Information Liberation – by Chris Manahan
The Department of Justice under Biden-appointed Attorney General Merrick Garland on Wednesday threatened Missouri that they cannot void federal gun laws — just two months after changing DOJ policies to share $250 million in annual grants with states which void federal immigration laws.
From the AP, “Justice Dept.: Missouri governor can’t void federal gun laws”:
The Justice Department is warning Missouri officials that the state can’t ignore federal law, after the governor signed a bill last week that bans police from enforcing federal gun rules.
In a letter sent Wednesday night and obtained by The Associated Press, Justice officials said the U.S. Constitution’s Supremacy Clause outweighs the measure that Gov. Mike Parson signed into law Saturday. The new rules penalize local police departments if their officers enforce federal gun laws.
Acting Assistant Attorney General Brian Boynton said the law threatens to disrupt the working relationship between federal and local authorities, they said in the letter, noting that Missouri receives federal grants and technical assistance.
“The public safety of the people of the United States and citizens of Missouri is paramount,” Boynton wrote in the letter.
[…] The Justice Department argued in the letter that the state lacks the authority to shield any Missouri businesses or citizens from federal law or to prevent federal law enforcement officials from carrying out their duties.Boynton said the bill “conflicts with federal firearms laws and regulation” and federal law would supersede the state’s new statute. He said federal agents and the U.S. attorney’s offices in the state would continue to enforce all federal firearms laws and regulations. He asked that Parson and Eric Schmitt, the state’s attorney general, clarify the law and how it would work in a response by Friday.
From April 28, Reuters, “Justice Department ends Trump-era limits on grants to ‘sanctuary cities’ “:
The U.S. Justice Department has repealed a policy put in place during Donald Trump’s presidency that cut off hundreds of millions of dollars in grants to sanctuary cities that limit cooperation with federal immigration authorities.
In an internal memo seen by Reuters, acting head of the Office of Justice Programs Maureen Henneberg said that prior grant recipients, including cities, counties and states that were recipients of the department’s popular $250 million annual grant program for local law enforcement, will no longer be required to cooperate with U.S. Immigration and Customs Enforcement as a condition of their funding.
She also ordered staff to take down any pending Justice Department grant applications with similar strings attached and start the process over again.
[…] It is one of a series of decisions by Attorney General Merrick Garland, an appointee of President Joe Biden, to break with policies put in place during the Trump administration.
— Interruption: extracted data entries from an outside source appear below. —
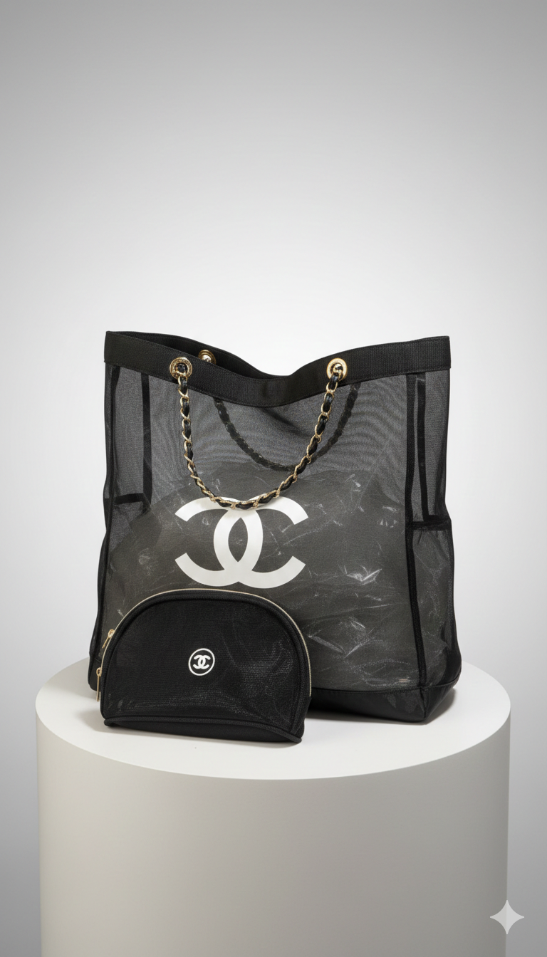 Product Title: Chanel Mesh Deauville Tote Bag with Matching Pouch.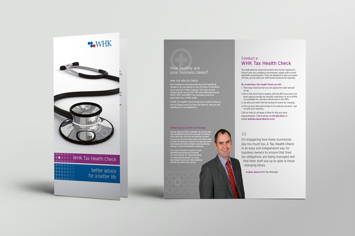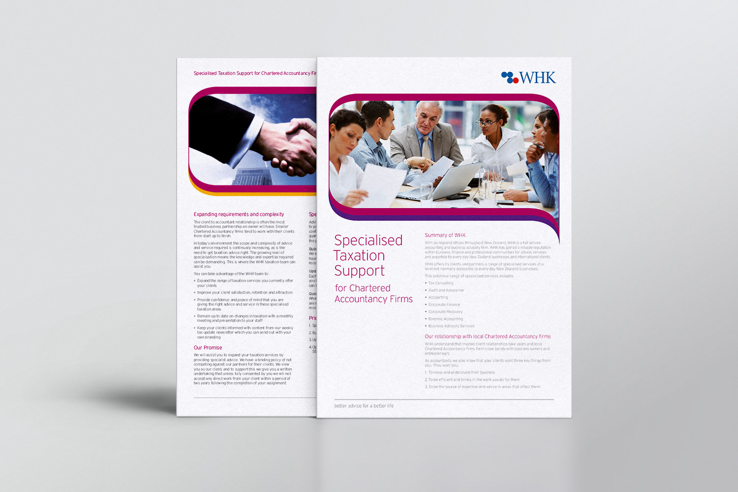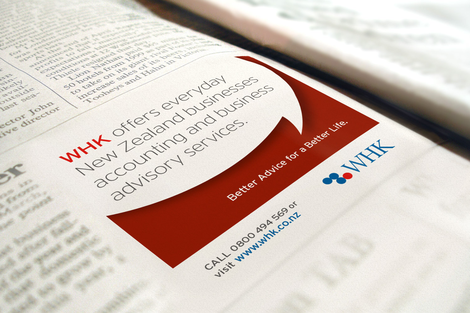 We worked with WHK (now Crown Horwath) and their marketing team to provide graphic design and art direction for various branded corporate materials and adverts for the New Zealand market.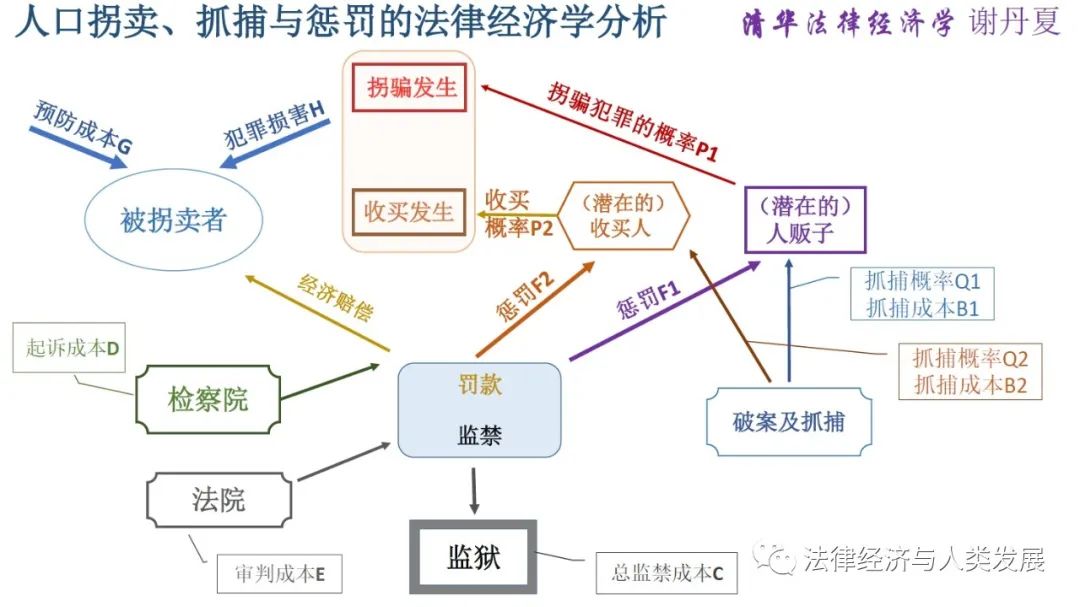 通过上图所展示之简析模型,可以分析人贩子、收买人的犯罪动机,以及惩罚、执法的最优法律政策设计问题。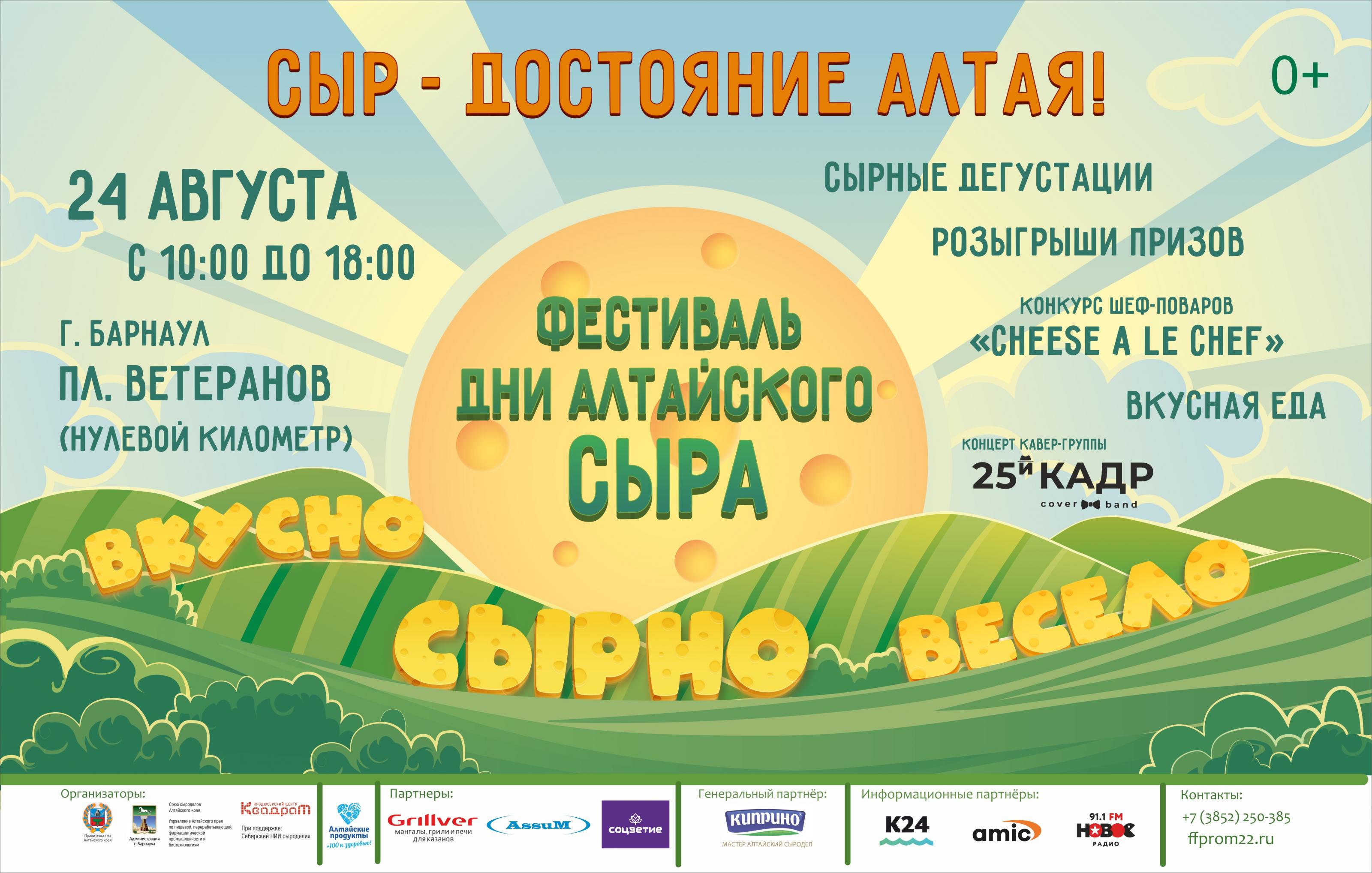 24 августа в Барнауле состоится масштабный гастрономический фестиваль «Дни алтайского сыра», организаторами которого выступают управление Алтайского края пищевой, перерабатывающей, фармацевтической промышленности и биотехнологиям, Союз сыроделов Алтайского края, продюсерский центр «Квадрат»при поддержке администрации города Барнаула.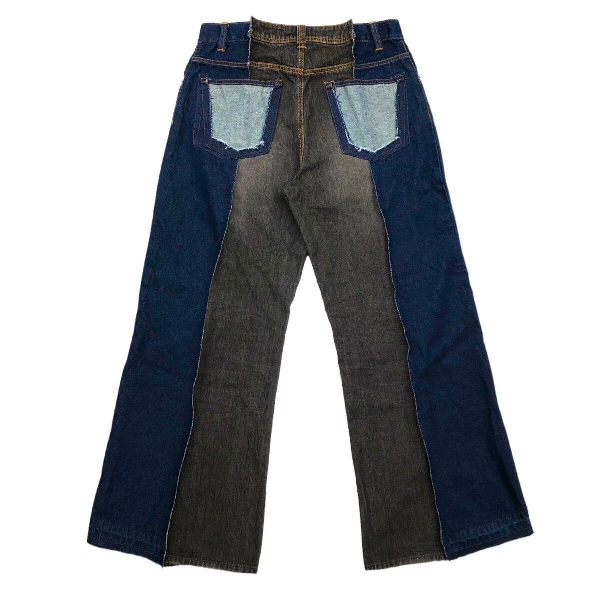 2色のデニムをドッキングさせたワイドフレアパンツ。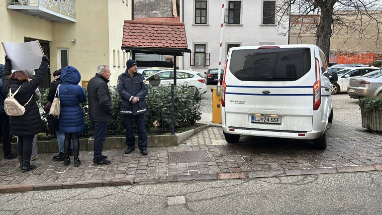 Dogajanje pred sodiščem so spremljali tudi policisti. Ko je do zadnjega vhoda na sodišče pripeljalo vozilo pravosodne policije, je postalo glasno.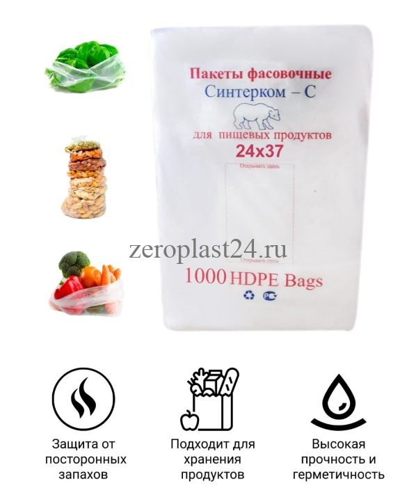 Пакеты фасовочные 24*37, ПНД, для хранения продуктов, Евро блок, 8мкм, 1000 штук ZP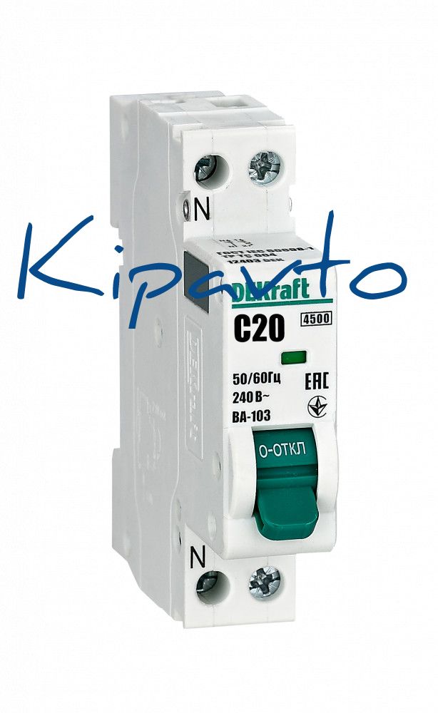 Автоматический выключатель серии ВА-103 NEW Dekraft, 1P+N, номинальный ток 20 А, характеристика C, отключающая способность 4, 5 кА. Компактный аппарат, ширина 18мм. 5 монолитных заклепок повышают прочность корпуса аппарата. Окошко-индикатор всегда показывает состояние контактов вне зависимости от положения рукоятки управления. Боковые каналы охлаждения повышают стабильность работы при высоких температурах окружающей среды. Есть возможность установки дополнительных аксессуаров с левой стороны устройства. Аппарат на 100% совместим с корпусами и оболочками Dekraft, Systeme Electric.

In another high-profile move, the Justice Department has stepped up investigations of U.S. police departments that face charges of brutality or discriminatory tactics.Shortly after being sworn in, Biden overturned a Trump executive order that had allowed the Justice Department to pressure cities that refused to notify federal immigration authorities when people living in the U.S. illegally have been detained for criminal violations, including minor ones.
Garland on April 14 ordered the department to begin to implement the change.
Garland is working overtime to implement a two-tiered justice system with law-abiding heritage Americans at the very bottom.